We employed an ML approach to predict which patients would necessitate coverage for MDR-GNB. The main difference between common medicine statistics and ML is that the ML approach extends beyond the comprehension of causal relationships, focusing on a potential set of variables and algorithms to predict an event [26, 27]. Logistic regression is one approach that pertains to ML, given that its ability to identify risk factors also helps to predict when an event can happen. ML techniques cannot easily express the reasoning behind the assignment. For this reason, clinicians may have a “black box” feeling concerning ML predictive models, and results of ML algorithms might be difficult to introduce in the clinical decision-making process [28]. In our study, we demonstrate that factors used by different ML techniques to perform algorithms are very similar to those used by our conventional logistic regressions. One of the main strengths of the ML approach is that their predictions will be always done on the basis of input variables. Within the setting of MDR prediction, geographical differences in resistance rates and patterns are important. Thus, following our approach, input data will always be its own data center. Prediction of function and output is useful in the area explored as well. In our study, predictive accuracy of ML algorithms is good, but not optimal yet. Factors such as including a higher number of patients, integrating more data, working on the learning process of ML models, or the integration of different models may result in more precise predictions. The disparity found between sensitivity and the high predictive values is perhaps related to the lower number of MDR events. Likewise, our metrics are calculated applying a rule that probability must be higher than 50%, so that the episode is labelled as an event. Different calibrations of this parameter can provide varying values on sensitivity, specificity, and predictive values.
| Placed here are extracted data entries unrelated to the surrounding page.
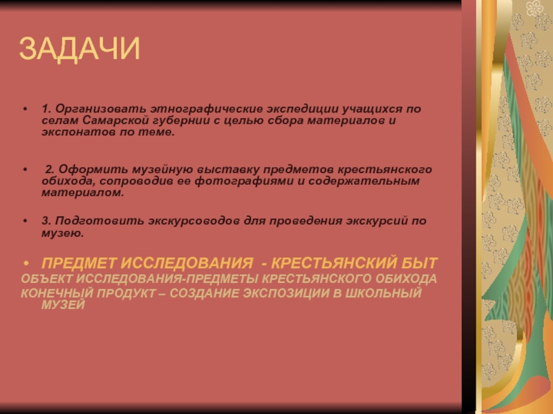 1. Организовать этнографические экспедиции учащихся по селам Самарской губернии с целью
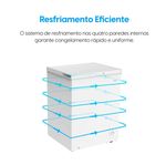 Conta com tecnologia de refrigeração 4D, que garante resfriamento rápido e uniforme por todos os lados. Utiliza gás ecológico R600a, livre de CFC, contribuindo para a preservação do meio ambiente, além de apresentar baixo consumo de energia, com classificação energética A pelo INMETRO.
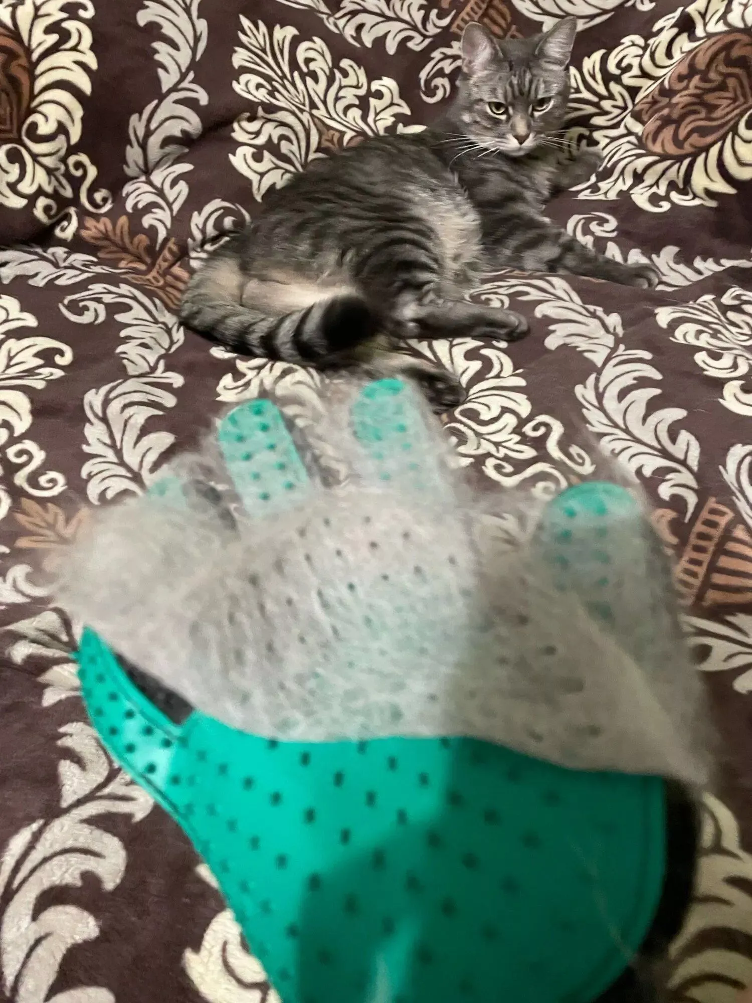 What sets our glove apart is its unique bionic design that closely mimics the texture of a cat’s tongue, ensuring a natural and enjoyable grooming experience for your pet. The humanized five-finger design allows you to reach around legs, tails, and other hard-to-groom areas effortlessly. Moreover, the variety of fun colors adds a splash of joy to grooming sessions.
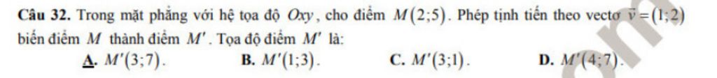 Vậy `:` toạ độ điểm `M` là `M'(3;7)`
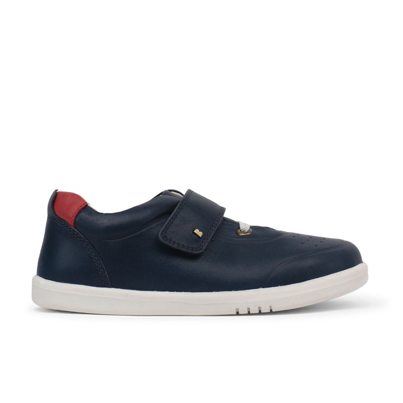 A retro member of the Bobux collection, this vintage-styled trainer in two-tone red and navy colourway is perfect for a preppy look. The Ryder uses contrasting leather, faux laces and embossed detail for styling thats sporty and timeless. Natural, flexible and breathable materials keep kids’ feet healthy and comfortable throughout the year. Suitable for active kids, this style fits true to size.
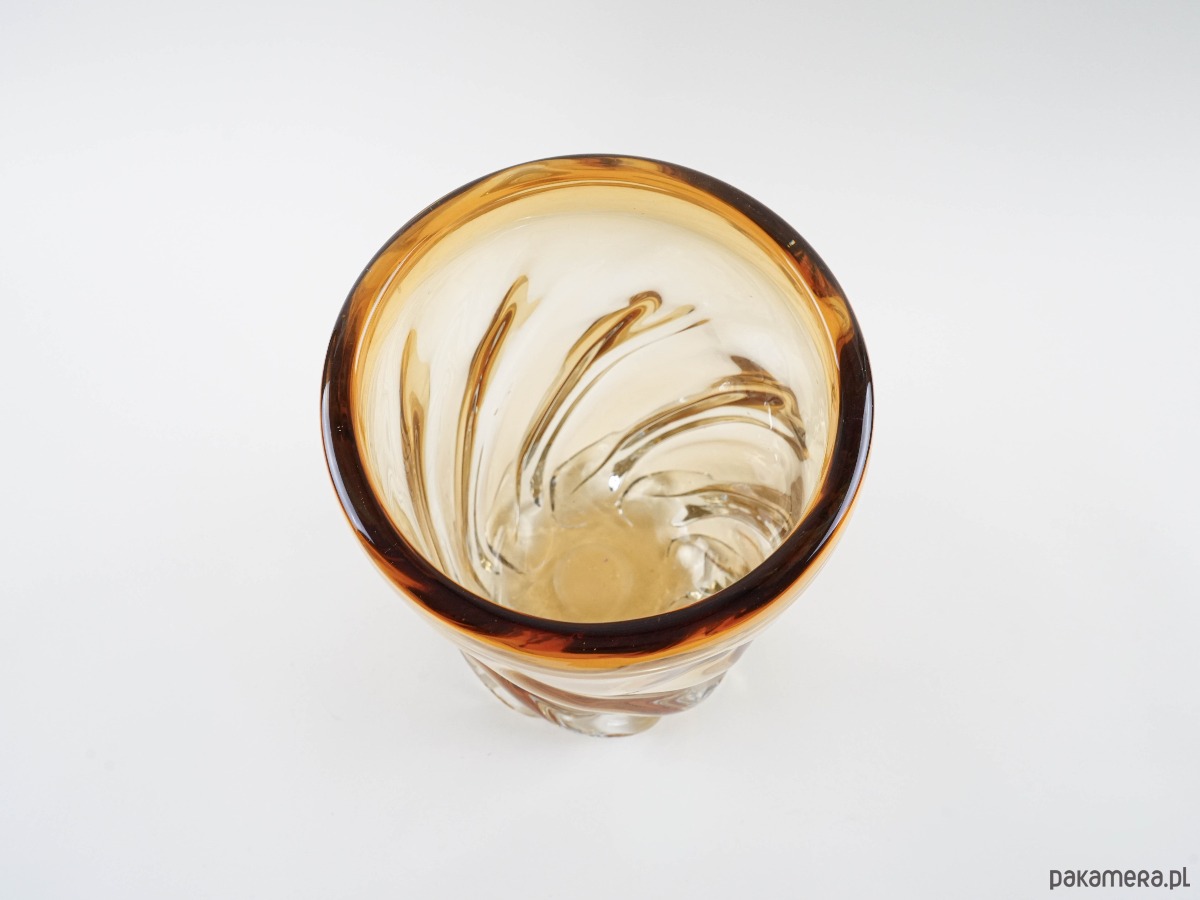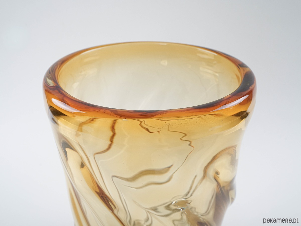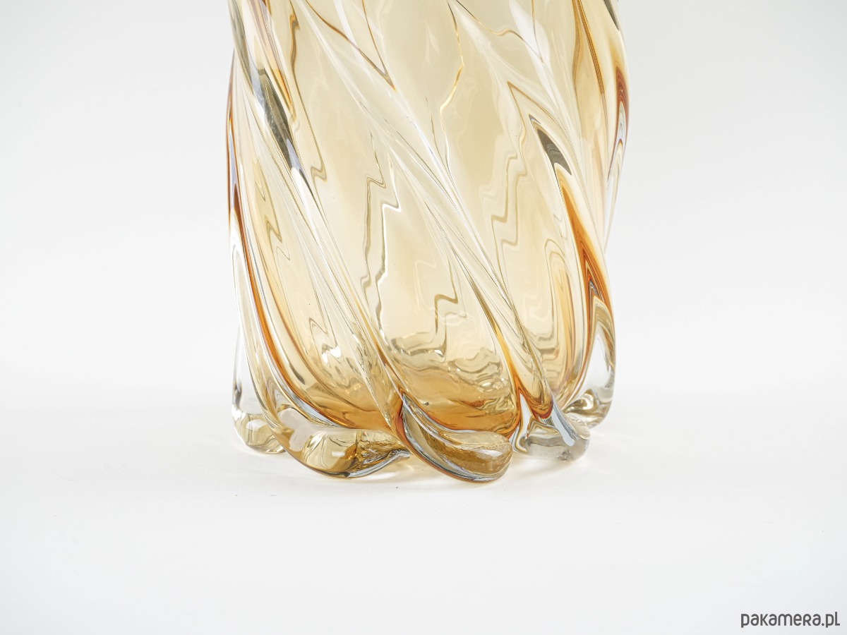 Imponujący wazon o rzeźbiarskiej formie, wykonany z grubego, dmuchanego szkła w miodowym odcieniu, z dynamicznym, spiralnym skrętem i płynnymi przejściami barw. Ciężki i stabilny, robi wrażenie zarówno jako samodzielna rzeźba szklarska, jak i użytkowy obiekt do dużych kompozycji florystycznych. Forma i jakość wykonania przywodzą na myśl włoskie szkło Murano z połowy XX wieku. Prawdziwa perełka dla miłośników unikatowego szkła artystycznego.

This study has several limitations. First, our study provides predictions validated in a test dataset. All data were obtained from hospital EHRs. Some outpatient data might be missing. However, algorithm prospective validation will be needed. Second, as we previously commented, ML algorithms are typically more opaque than classic statistical models: their predictions might be difficult for physicians to understand. Closing the gap between computer algorithm results and medical clinical understanding will prove to be a challenge for the future. Our study does shed some light, though, in that results obtained from ML are not very different than those obtained by usual regression models. Third, the study was conducted in a single center, with its particular epidemiology. If ML algorithms are applied to a different population, ML will use data from the receiving center. It is unknown what type of impact the new hospital epidemiology will have on the sensitivity and specificity of the algorithm. Moreover, computing power and infrastructure necessary to real-time models are not available everywhere, and patients could be admitted to different healthcare areas, making medical backgrounds misleading. Finally, the percentage of patients with MDR-GNB was very low, jeopardizing the sensitivity of the mathematical approaches.

Conclusion

This is the first study that demonstrates that clinical data stored directly in EHRs can be used to identify risk factors for MDR-GNB infections in severe hematological patients at FN onset. ML approach has proved useful for clinical predictors in MDR-GNB infections and helps pave the way for personalized medical care.